“Did you look?” he whispered, his voice a low scrape, rough with need.
He dipped his head closer, his breath brushing the shell of her ear.
“Did you use those fucking green, green eyes to look at my body? My goddamned Adonis belt?”
Her breath hitched, just enough for him to feel it against his chest.
“Yes,” she said, steady but breathless. “I looked.”
She pulled back enough to meet his gaze, her voice quiet but fierce.
“I saw a man who was punishing himself. I saw a man who deserves rest. Who deserves a real conversation. Some...connection.” Her throat moved on the word, emotion climbing into her voice before she could stop it. “I saw pain. I saw loneliness. I saw someone who doesn’t know how to ask for help or is too afraid to try.” She blinked hard, fury and heartbreak tangling together. “That hurts my heart,” she said, voice breaking. “It makes me so angry I don’t even know at who. Just…angry because you matter, and you’re ripping yourself apart like it doesn’t count for anything.”
He blinked and took it in. Her words sank into him like rounds hitting soft flesh, slow and brutal.
“You are fucking killing me,” he said, voice thick.
He meant it.
He didn’t know what to call what was happening with Blair. It wasn’t lust. Lust was simple.

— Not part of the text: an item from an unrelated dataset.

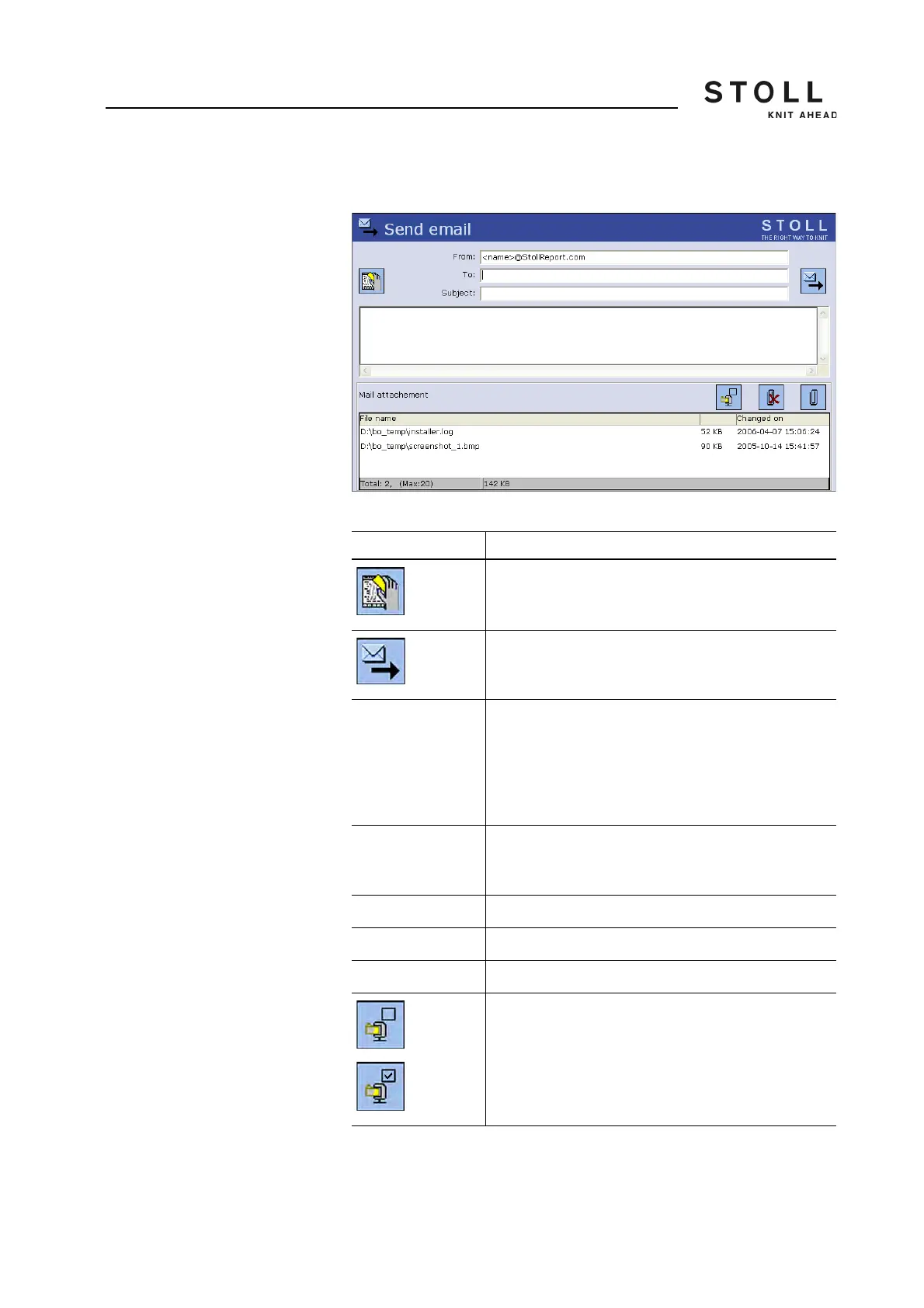 "Send email" window on the machine

Physical. Temporary. He knew how to handle that. Take it. Burn it off. Walk away.
This wasn’t leaving.
She stayed.
Under his skin. In his head. In the quiet moments when he wasn’t braced for impact.
That was the problem.
He was starting to count on her.
The sound of her voice. The way she gave him room without disappearing. The way she looked at him like she saw the damage and didn’t flinch. Like she expected more from him.

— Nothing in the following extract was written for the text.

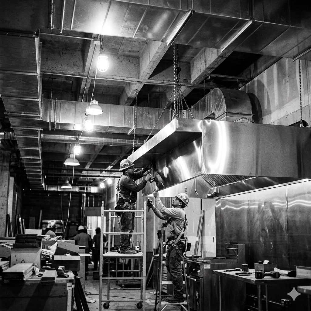 Complete commercial kitchen ventilation: hood installation, exhaust fans, makeup air units, and grease duct systems for restaurants and food service.

Like he could give it. Trust.
The word sat wrong in his chest.
He didn’t have the wiring for it. No training block. No internal map. Every version he’d known came with a trapdoor.

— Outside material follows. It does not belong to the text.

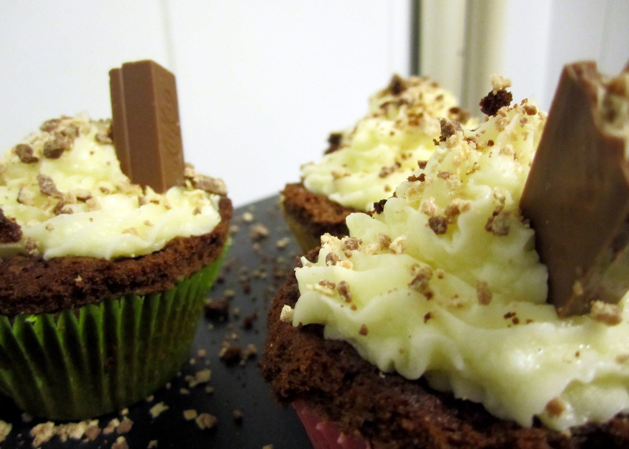 Die Masse in einen Spritzsack füllen und auf die ausgekühlten Cakes spritzen. Ein paar KitKats zerbröseln und die Cupcakes mit Brösel und KitKat-Stücken dekorieren.

But she hadn’t pushed. Hadn’t lied. Hadn’t tried to pry him open.
She’d seen the cracks, and instead of exploiting them, she’d met them.
That unsettled him more than her anger ever could.
26
Sleeping Wind Ranch, Bear and Bailee Residence, Bonita, California
The mornings still began before dawn, but now they mucked stalls and groomed the animals before their run. Copper was a bundle of nervous energy that demanded to be worked hard, a perfect outlet for Fly’s restless grief. Than’s buckskin was a different challenge. Steady. Powerful. Demanding a focus that distracted even as it mirrored the turmoil in Than’s own mind.
They rode until their legs went numb, swam until salt burned their eyes, lifted until their muscles failed. They were still trying to outwork the pain.
It was still failing.
The exhaustion ran deeper now. Bone-deep. The kind sleep couldn’t touch. The nightmares, if anything, had grown sharper.
After a week of this, they woke to a quiet that felt wrong.